Provided material
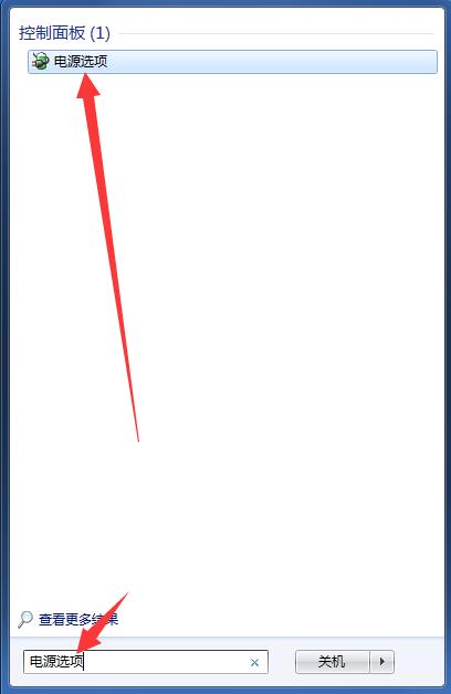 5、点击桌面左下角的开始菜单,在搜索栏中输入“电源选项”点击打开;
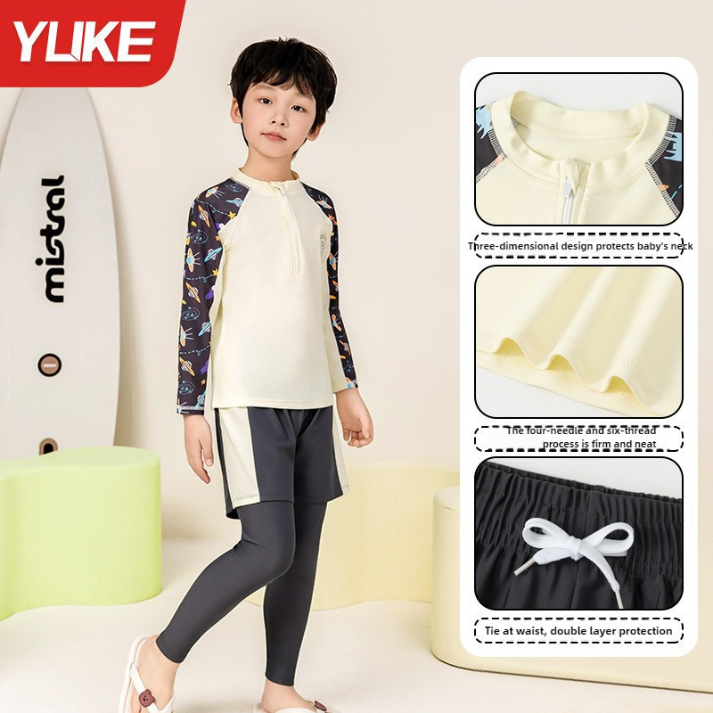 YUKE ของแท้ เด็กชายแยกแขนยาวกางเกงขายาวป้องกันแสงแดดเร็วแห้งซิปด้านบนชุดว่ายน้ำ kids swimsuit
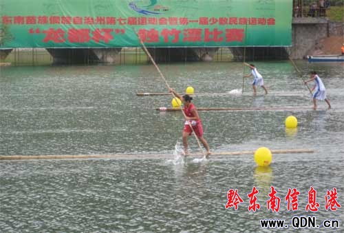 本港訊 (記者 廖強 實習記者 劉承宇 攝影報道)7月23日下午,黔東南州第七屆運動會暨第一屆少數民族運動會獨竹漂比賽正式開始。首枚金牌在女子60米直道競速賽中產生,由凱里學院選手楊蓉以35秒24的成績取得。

Task to carry out
Wherever a picture appears in the listing above, drop it, and restate the rest exactly.

Output of the exercise
 5、点击桌面左下角的开始菜单,在搜索栏中输入“电源选项”点击打开;
 YUKE ของแท้ เด็กชายแยกแขนยาวกางเกงขายาวป้องกันแสงแดดเร็วแห้งซิปด้านบนชุดว่ายน้ำ kids swimsuit
 本港訊 (記者 廖強 實習記者 劉承宇 攝影報道)7月23日下午,黔東南州第七屆運動會暨第一屆少數民族運動會獨竹漂比賽正式開始。首枚金牌在女子60米直道競速賽中產生,由凱里學院選手楊蓉以35秒24的成績取得。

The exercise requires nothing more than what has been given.